-- ENTRIES SUPPLIED follows --
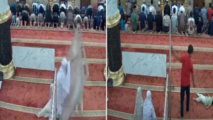 Seorang jemaah lelaki yang menyedari insiden tersebut segera meluru untuk mengangkat tiang pembahagi berkenaan. Ketika itu, tubuh kanak-kanak tersebut kelihatan longlai dan tidak bermaya, menimbulkan kebimbangan yang amat mendalam kepada sesiapa sahaja yang menyaksikan rakaman itu.
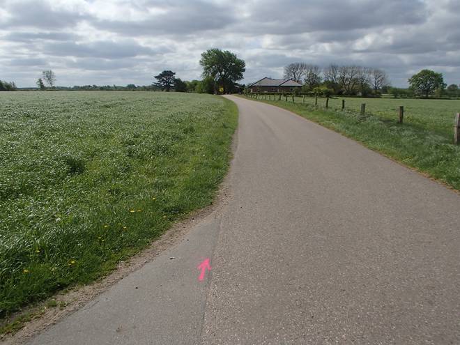 Hauptstraße / Ochsenweg Dannewerk 9.58 Uhr Das klang nicht zu schwer, ich bezweifelte allerdings, daß man die von Christian hervorgehobenen Punkt-Markierungen der Karte auf den tatsächlichen Wegen so wieder finden würde. Für alle Fälle war der Kurse mit Pfeilen markiert. |
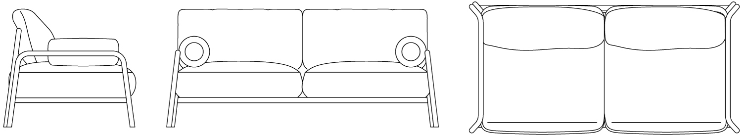 Main structure in curved and welded circular-section metal tubing; structural crosspieces in tubular metal with elliptical section and support platform of padded metal slats. Seat, backrest and armrests in covered foam.
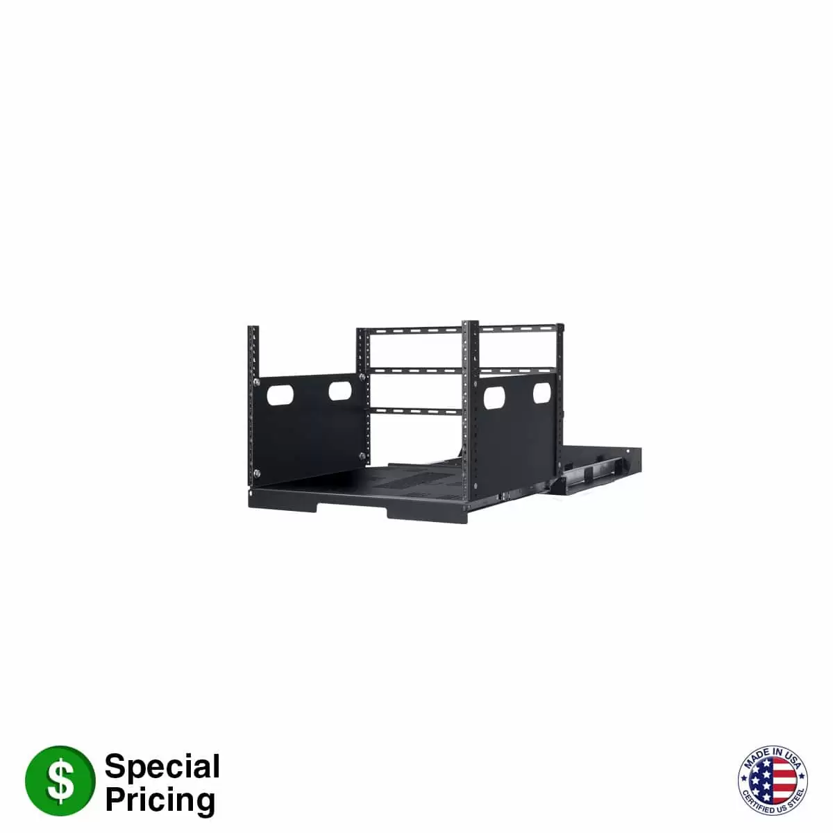 Designed for built-in applications, the rack base can be mounted flush or recessed up to 2 inches in boxed wall or cabinetry. The top mounting section is secured in position with a front panel. Remove the panel to slide the top section forward on two support rails set into the base, and access mounted equipment and connections. Ships unassembled.
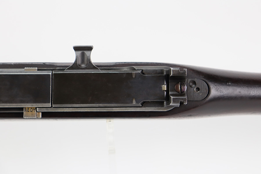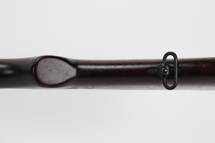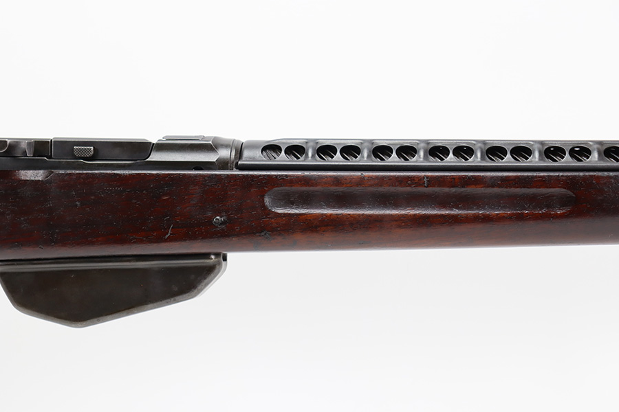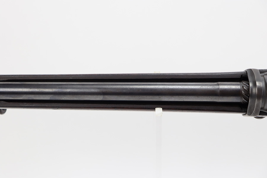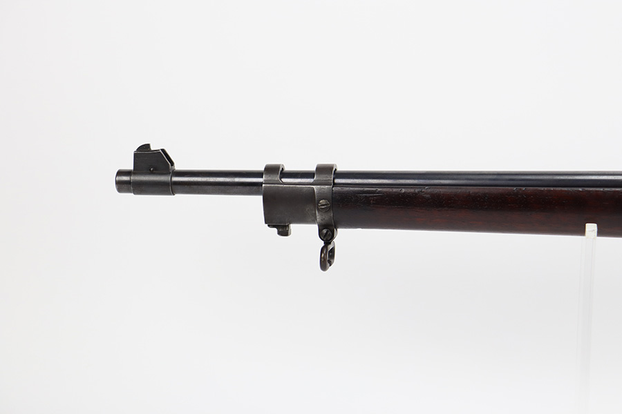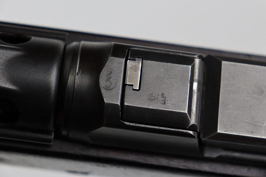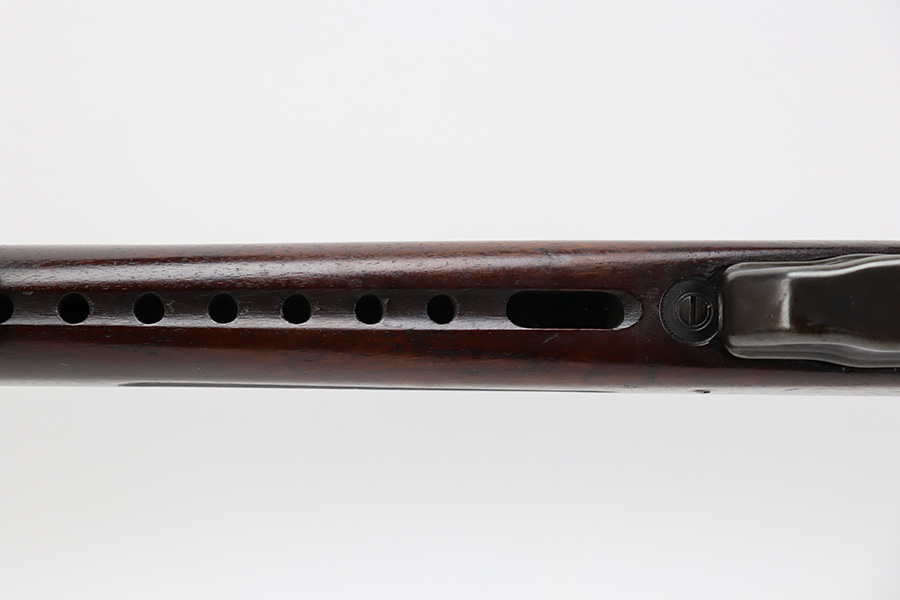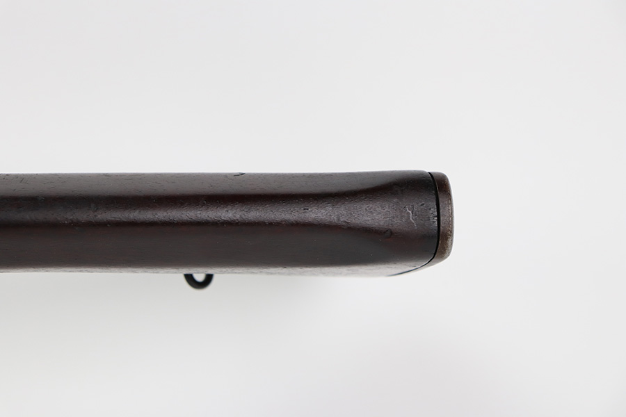 8/3/23 – This is an exceptional example of a very rare, John D. Pedersen designed, self-loading rifle, which was manufactured by Vickers-Armstrongs Ltd. circa 1930. In 1923, the U.S. Ordnance Department had hired Pedersen to design a semi-automatic rifle as a replacement for the Model 1903 and Model 1917 rifles, as well as a new, lower recoil, cartridge for it to be chambered in. The first Pedersen self-loading rifle was chambered in .276 caliber and was approved for testing in 1924. In 1927, Springfield Armory manufactured twenty Pedersen rifles for initial field testing, which was to run concurrently with the .276 caliber semi-automatic rifle developed by John C. Garand. The Pedersen rifle performed well in the initial service tests, and in 1929/30, Pedersen contracted with Vickers-Armstrong (of England) to manufacture approximately 200 of the Pedersen self-loading rifles for use in the final U.S. tests, as well as being tested by the British military. Although both passed, in 1932, the army selected the Garand design in .30-06 for limited procurement, and shortly after ended all further development of the Pedersen rifle. After the army discontinued its pursuit of the Pedersen rifle, they were able to sell a limited number of rifles to China, Portugal, and Japan, who were also attempting to develop a self-loading rifle, possibly with his delayed-blowback toggle mechanism. These rifles all have several distinctive features such as a 10 round box magazine loaded with en-bloc clips, fine adjustable 1/2 minute rear sight, 24 inch barrel with spiral cooling fins, perforated metal hand guard, and sliding bar safety in the bolt. They were all chambered in the early rimless .276 bottleneck Pederson cartridge. The left side of the receiver is roll-stamped: “PEDERSEN SELFLOADER PA/VICKERS-ARMSTRONGS LTD.” in two-lines. The serial number “106” is stamped on the right rear of the receiver.The top of the sliding bar safety is marked “REDY” on the left side and “SAFE” on the right side. An encircled “C/2” is stamped on the top of the receiver. There is an early Birmingham Nitro proofmark (used until 1925) stamped on the top of the front edge of the bolt and the left, rear side of the receiver. This particularl rifle is in fantastic condition, with only minor edge wear to the original bluing. Excellent, shiny bore. The stock is in similar condition with only light handling wear but no cracks or chips. The listing also includes a sealed box of .276 ammunition (20rds), as well as two clips with 10rds in each and an open box with two remaining. NOTE: The rear sight is missing the aperture components.
-- ENTRIES SUPPLIED concluded --
Exactly as written, please give again the lines from the beginning of the listing through the line containing "Main structure in", inclusive, without any pictures.

> SOLVED PROBLEM
 Seorang jemaah lelaki yang menyedari insiden tersebut segera meluru untuk mengangkat tiang pembahagi berkenaan. Ketika itu, tubuh kanak-kanak tersebut kelihatan longlai dan tidak bermaya, menimbulkan kebimbangan yang amat mendalam kepada sesiapa sahaja yang menyaksikan rakaman itu.
 Hauptstraße / Ochsenweg Dannewerk 9.58 Uhr Das klang nicht zu schwer, ich bezweifelte allerdings, daß man die von Christian hervorgehobenen Punkt-Markierungen der Karte auf den tatsächlichen Wegen so wieder finden würde. Für alle Fälle war der Kurse mit Pfeilen markiert. |
 Main structure in curved and welded circular-section metal tubing; structural crosspieces in tubular metal with elliptical section and support platform of padded metal slats. Seat, backrest and armrests in covered foam.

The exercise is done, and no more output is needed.